This document describes the new \code{phylo4} S4 classes and methods, which are
intended to provide a unifying standard for the representation of phylogenetic
trees and comparative data in R.  The \code{phylobase} package was developed to
help both end users and package developers by providing a common suite of tools
likely to be shared by all packages designed for phylogenetic analysis,
facilities for data and tree manipulation, and standardization of formats.

This standardization will benefit \emph{end-users} by making it easier to move
data and compare analyses across packages, and to keep comparative data
synchronized with phylogenetic trees. Users will also benefit from a repository
of functions for tree manipulation, for example tools for including or excluding
subtrees (and associated phenotypic data) or improved tree and data plotting
facilities. \code{phylobase} will benefit \emph{developers} by freeing them to
put their programming effort into developing new methods rather than into
re-coding base tools. We (the \code{phylobase} developers) hope \code{phylobase}
will also facilitate code validation by providing a repository for benchmark
tests, and more generally that it will help catalyze community development of
comparative methods in R.

A more abstract motivation for developing \code{phylobase} was to improve data
checking and abstraction of the tree data formats. \code{phylobase} can check
that data and trees are associated in the proper fashion, and protects users and
developers from accidently reordering one, but not the other. It also seeks to
abstract the data format so that commonly used information (for example, branch
length information or the ancestor of a particular node) can be accessed without
knowledge of the underlying data structure (i.e., whether the tree is stored as
a matrix, or a list, or a parenthesis-based format). This is achieved through
generic \code{phylobase} functions which which retrieve the relevant information
from the data structures. The benefits of such abstraction are multiple: (1)
\emph{easier access to the relevant information} via a simple function call
(this frees both users and developers from learning details of complex data
structures), (2) \emph{freedom to optimize data structures in the future without
  breaking code.} Having the generic functions in place to ``translate'' between
the data structures and the rest of the program code allows program and data
structure development to proceed somewhat independently. The alternative is code
written for specific data structures, in which modifications to the data
structure requires rewriting the entire package code (often exacting too high a
price, which results in the persistence of less-optimal data structures). (3)
\emph{providing broader access to the range of tools in
  \code{phylobase}}. Developers of specific packages can use these new tools
based on S4 objects without knowing the details of S4 programming.

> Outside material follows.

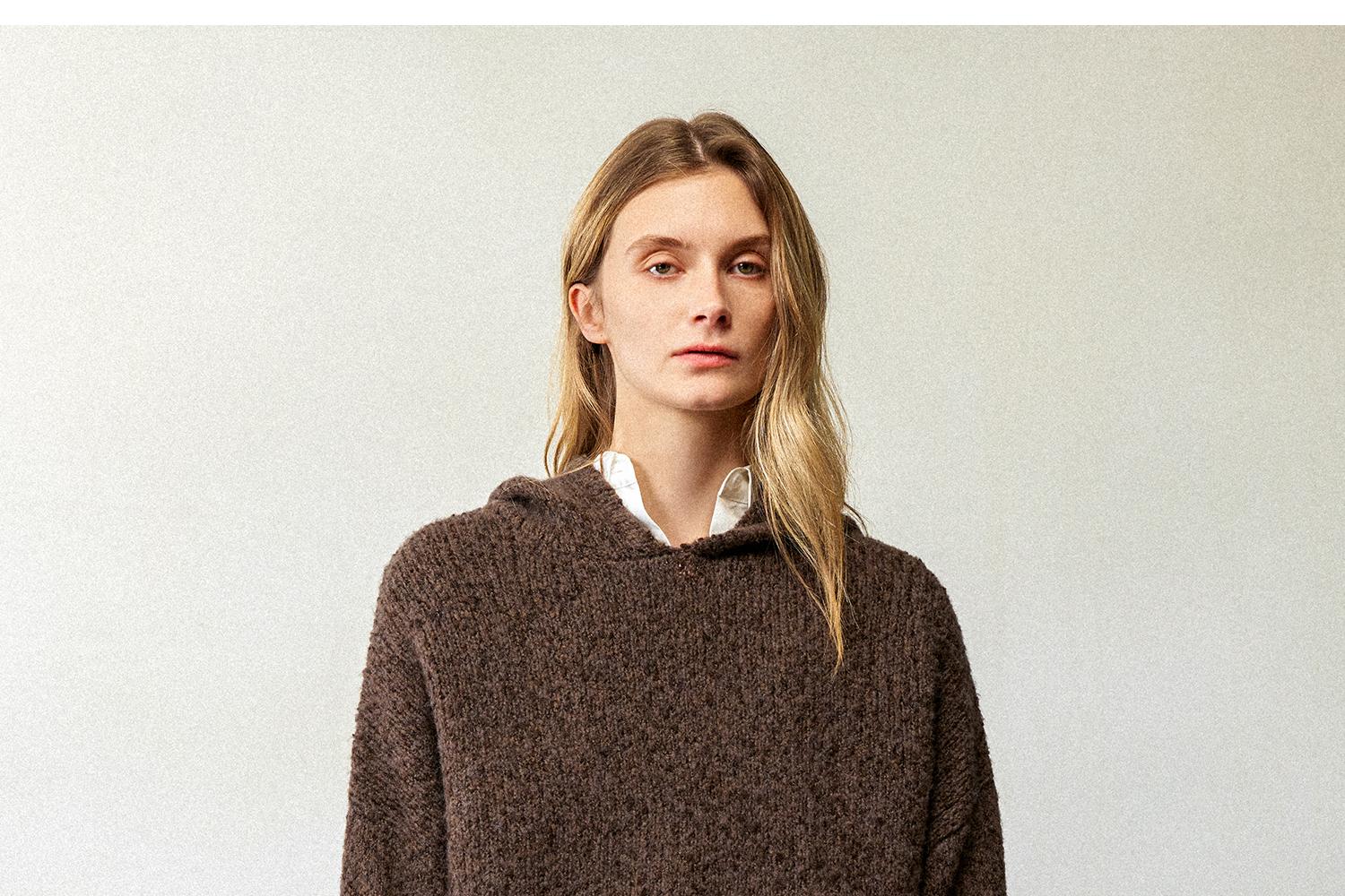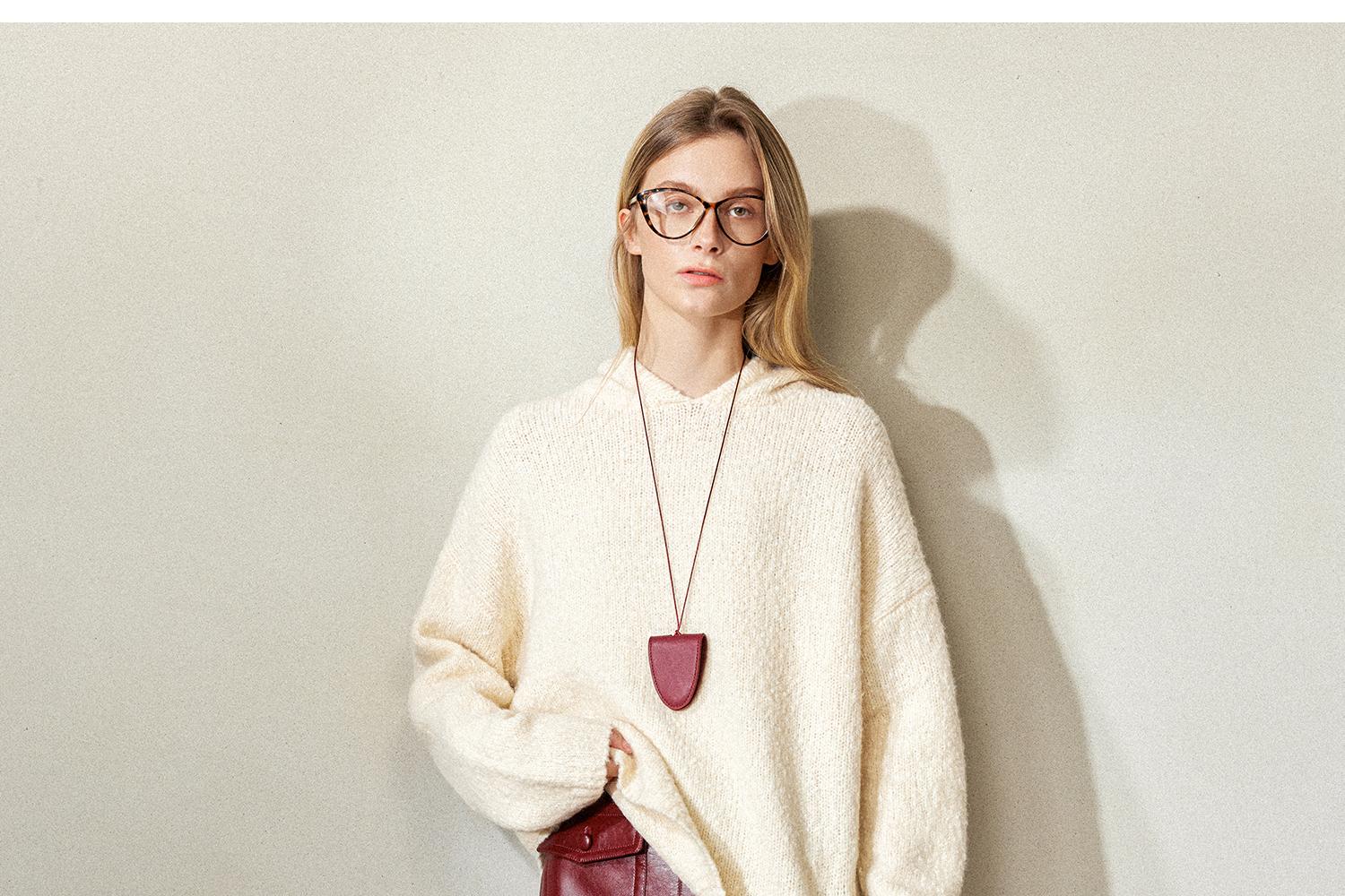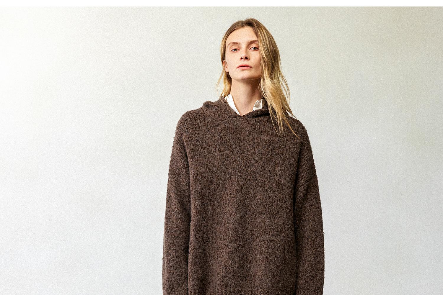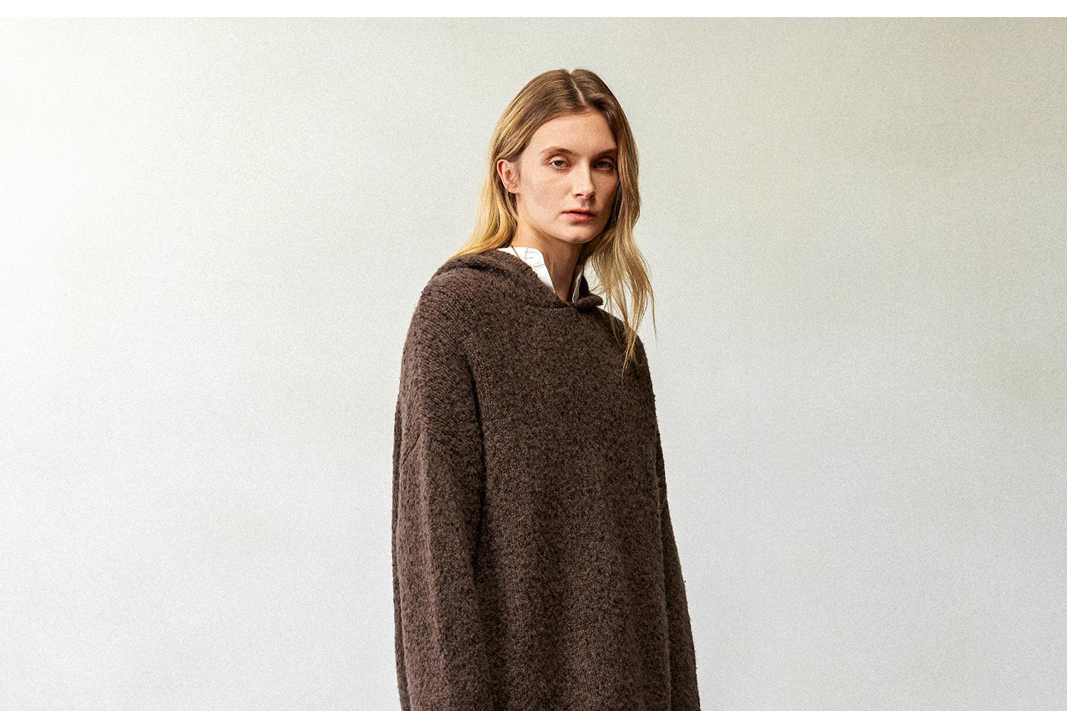 CIMPRESS/西嘉羊毛豆豆纱单面编织连帽宽松百搭毛衣女秋冬季新款(货号:MY2404082)

The base \code{phylo4} class is modeled on the the \code{phylo} class in
\code{ape}.  \code{phylo4d} and \code{multiphylo4} extend the \code{phylo4}
class to include data or multiple trees respectively.  In addition to describing
the classes and methods, this vignette gives examples of how they might be used.

\section{Package overview}

The phylobase package currently implements the following functions and data structures:

\begin{itemize}
\item Data structures for storing a single tree and multiple trees:
  \code{phylo4} and \code{multiPhylo4}?
\item A data structure for storing a tree with associated tip and node data:
  \code{phylo4d}
\item A data structure for storing multiple trees with one set of tip data:
  \code{multiPhylo4d}
\item Functions for reading nexus files into the above data structures
\item Functions for converting between the above data structures and \code{ape
    phylo} objects as well as \code{ade4} \code{phylog} objects (although the
  latter are now deprecated \ldots)
\item Functions for editing trees and data (i.e., subsetting and replacing)
\item Functions for plotting trees and trees with data
\end{itemize}

\section{Using the S4 help system}

The \code{S4} help system works similarly to the \code{S3} help system with some
small differences relating to how \code{S4} methods are written.  The
\code{plot()} function is a good example.  When we type \code{?plot} we are
provided the help for the default plotting function which expects \code{x} and
\code{y}.  \code{R} also provides a way to smartly dispatch the right type of
plotting function.  In the case of an \code{ape phylo} object (a \code{S3} class
object) \code{R} evaluates the class of the object and finds the correct
functions, so the following works correctly.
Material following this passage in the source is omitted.